● PROBLEM TO WORK ON:
When you return the lines below, go from the first through the line with "Entregó dos ultrasonidos", keep them exact, and leave out every picture.

● DATASET CONTENT:
┄┄┄┄┄┄┄┄┄┄
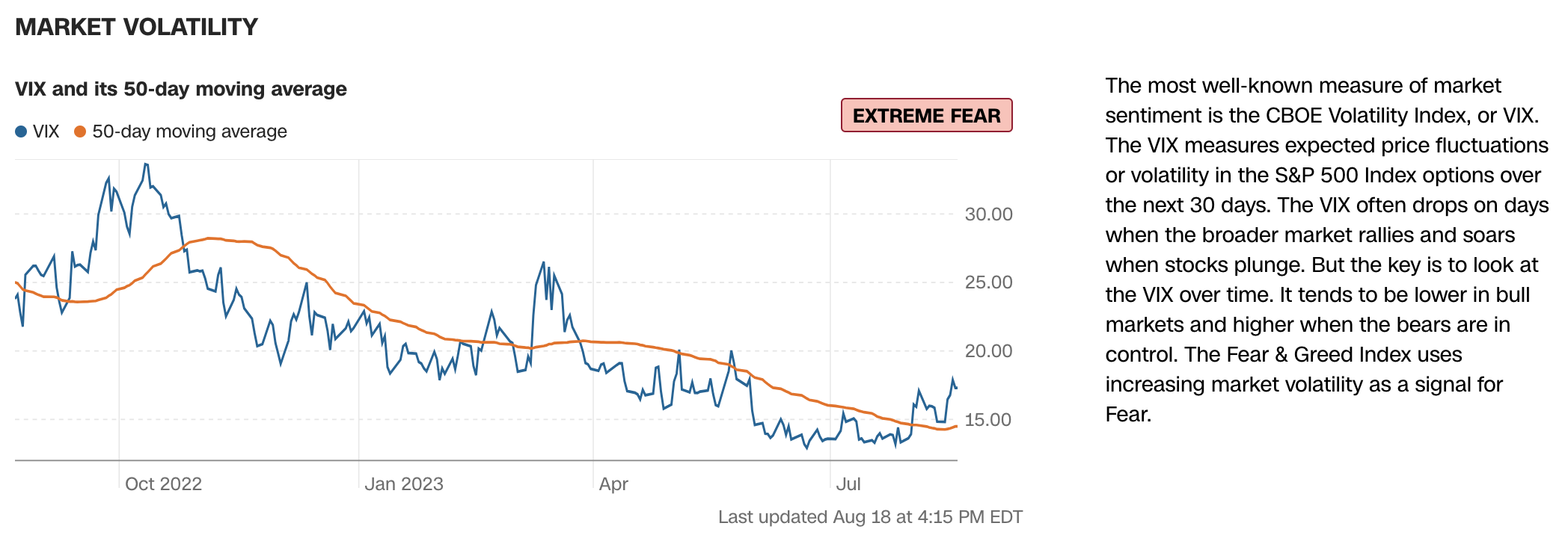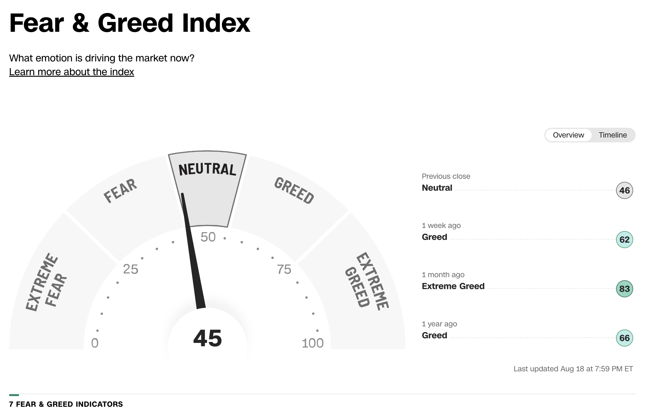 증시 공포와 탐욕지수 2023년 8월 21일 (자료: CNN비즈니스)
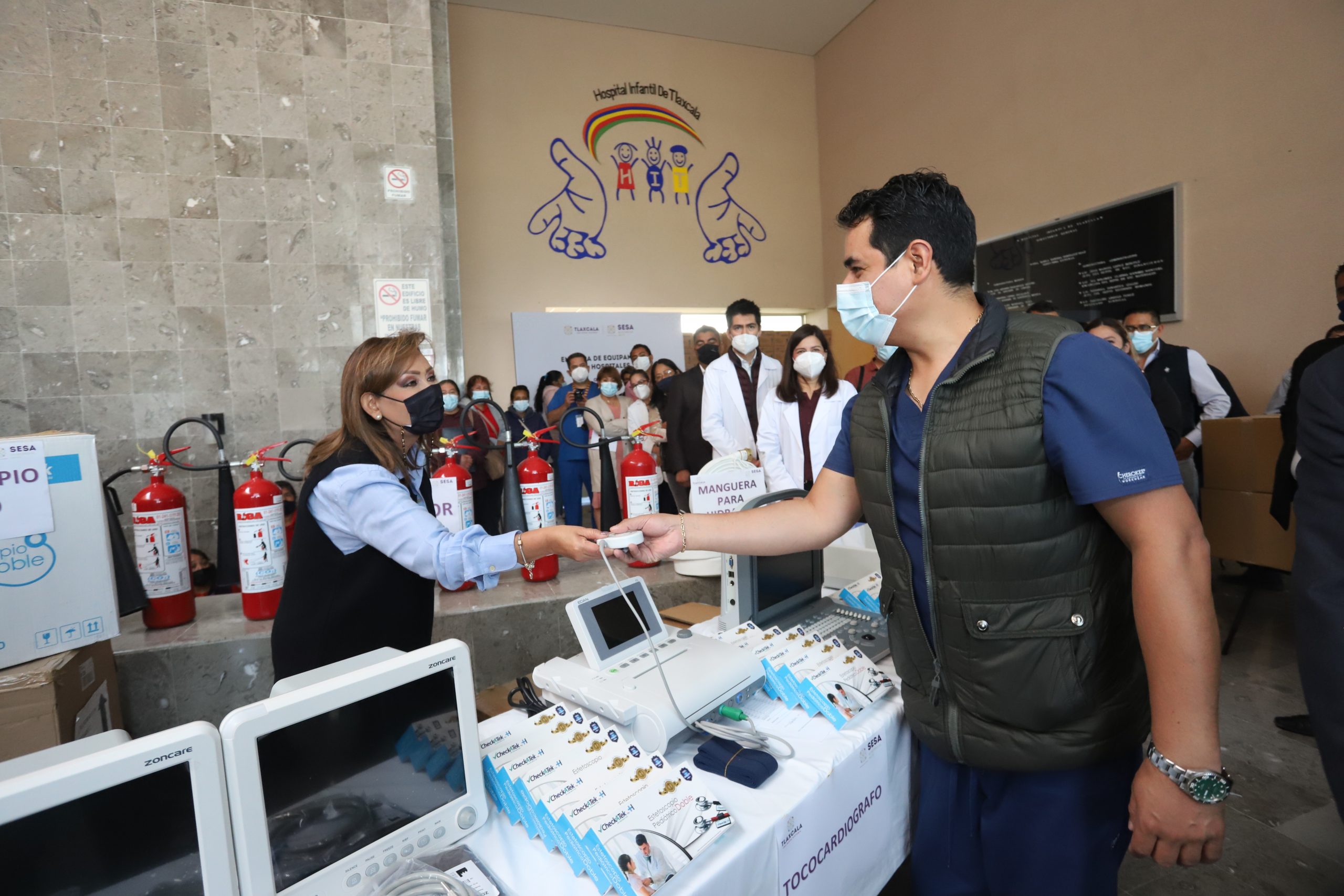 Entregó dos ultrasonidos para los hospitales de Huamantla y de la Mujer, siete tococardiógrafos para los nosocomios de la Mujer, el de Tlaxcala, Huamantla, Nativitas, Calpulalpan, Contla y Tlaxco, así como nueve electrocauterios para los de Nativitas, Tlaxcala, Huamantla, Calpulalpan, Regional de Tzompantepec y HIT, además de sillas para la atención de las personas en las diferentes jurisdicciones, ocho extintores y nueve mangueras de incendio para el de la Mujer.
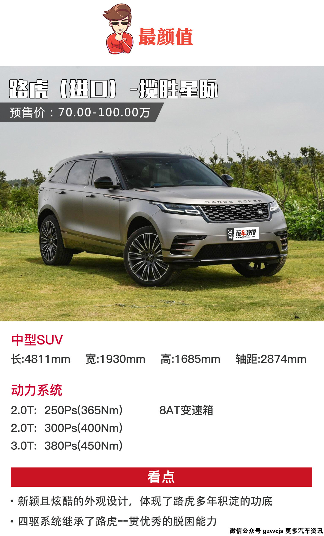 说路虎星脉是最高颜值应该不会有异议吧?短前悬长后悬的修长车身、隐藏的门把手、熏黑的车顶、略带Coupe感觉的车尾,对了,还有内饰,黑白色的内装、双触屏的中控台,豪华感科技感都比以往的路虎有过之而无不及。不说性能如何,仅仅是这些设计的心思,就已经值得我们掏腰包。这款车的预售价是70-100万元,具体价格会在9月2日公布,可以关注一下。
┄┄┄┄┄┄┄┄┄┄
● WRITTEN RESPONSE:
 증시 공포와 탐욕지수 2023년 8월 21일 (자료: CNN비즈니스)
 Entregó dos ultrasonidos para los hospitales de Huamantla y de la Mujer, siete tococardiógrafos para los nosocomios de la Mujer, el de Tlaxcala, Huamantla, Nativitas, Calpulalpan, Contla y Tlaxco, así como nueve electrocauterios para los de Nativitas, Tlaxcala, Huamantla, Calpulalpan, Regional de Tzompantepec y HIT, además de sillas para la atención de las personas en las diferentes jurisdicciones, ocho extintores y nueve mangueras de incendio para el de la Mujer.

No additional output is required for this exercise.